Once prices maxed out and the bubble burst, there was a surge in defaults, and mortgage holders couldn’t sell the homes they foreclosed on. Many homebuyers and developers are now thinking twice before getting into this mess, which puts Stockton’s future growth plans in jeopardy.
But this is only part of the story. It wasn’t only an influx of outsiders that created the housing bubble. The root of the problem in Stockton is the same as everywhere else — people were convinced to buy homes at inflated prices, reassured by a whole cast of unscrupulous characters that everything would work out.
The realtors, lenders and banks–and the corporate boards that oversaw the whole process and orchestrated hefty profit margins out of it — are responsible for this debacle.
A recently retired escrow manager at a title company in Stockton related to me how the industry set up new homebuyers for failure. “Almost every single day, I would see a young couple in their late 20s or early 30s who were buying their first home and were in way over their head,” she says. “When I went over their contract with them, I would invariably find something they hadn’t agreed to, like a variable interest rate or hidden fees that hadn’t been explained.”
In fact, it wasn’t uncommon for a homebuyer to have to unexpectedly come up with thousands of dollars in fees in order to close the deal — even when they had been told that no down payment was required for the mortgage.
Some of these were “garbage fees”–which included, for example, the lender charging hundreds of dollars for printing out the paperwork for the contract. But this was trivial compared to the unexpected rise in mortgage payments built into the contracts on variable rate loans.
The former escrow manager told me that when realtors or lenders were called on to explain the full implications of the contracts, they always found a way of convincing buyers that it would work out in their best interest. As she explained, “They would say, ‘Interest rates are going down, the price on your home is going up, your salary is going to increase, so this will all work out. You can trust me.'”
Of course, none of these things about interest rates or rising salaries were actually going to happen. But for a lot of people, they were facing the final obstacle to getting their dream home and were therefore willing to believe the lenders — and in any case, they were already committed to buying and couldn’t see how they could back out.
“The problem,” the former escrow manager told me, “was always that it was a Tuesday or a Wednesday, and they had to be out of their apartment on Saturday or Sunday. So they were basically pressured into making a decision at the last minute that they weren’t prepared for.”
Once the variable interest rates started climbing, homebuyers could no longer pay their mortgages and defaults ensued.
Capitalist crises don’t merely create wreckage in their immediate path. They also indirectly affect all sorts of people who never saw them coming.
So while the worst hit are people who are losing everything because they are stuck with a skyrocketing monthly mortgage payment, renters are also facing new difficulties. Increased demand is driving up the cost of renting, making it increasingly difficult, even for those with access to vouchers for low-income families, to find an affordable apartment.

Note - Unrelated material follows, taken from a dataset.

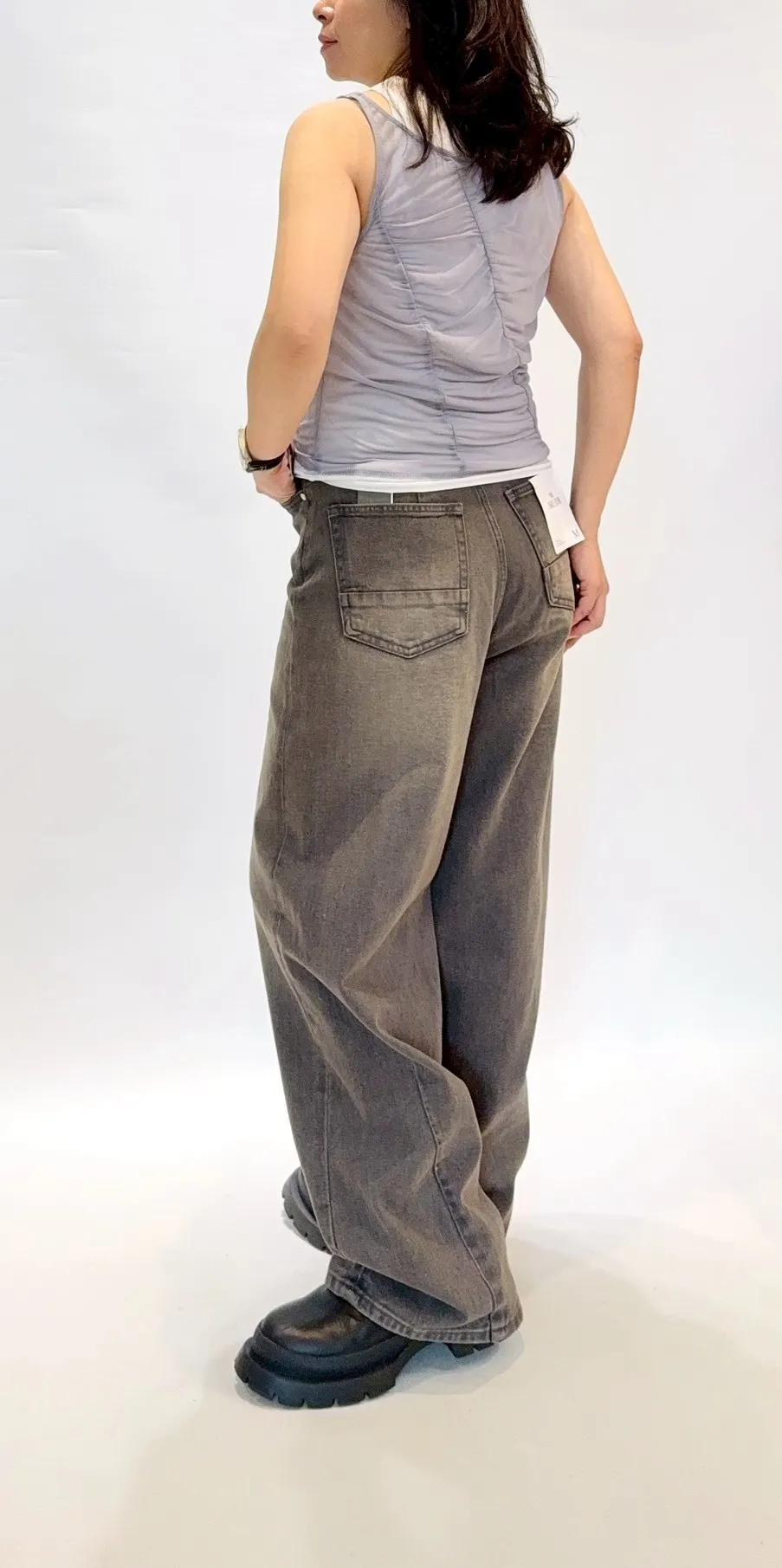 刷色傘兵牛仔寬褲

There have also been stories about renters being evicted from foreclosed properties. With no power to stop the eviction, they face demands that they move within days, and may struggle to get a refund for paid rent and security deposits.
Beyond this, the growing number of mortgage defaults in places like Stockton are causing an even deeper financial crisis, which is having an effect on the world economy. The mortgage crisis will, thus, cause the coming recession to be that much worse — and the layoffs and wage cuts that are a product of the economic downturn will lead to further declines in home prices and put a strain on even more households struggling to pay off mortgages.
It is a vicious circle–and the culprit is the capitalist free-market system.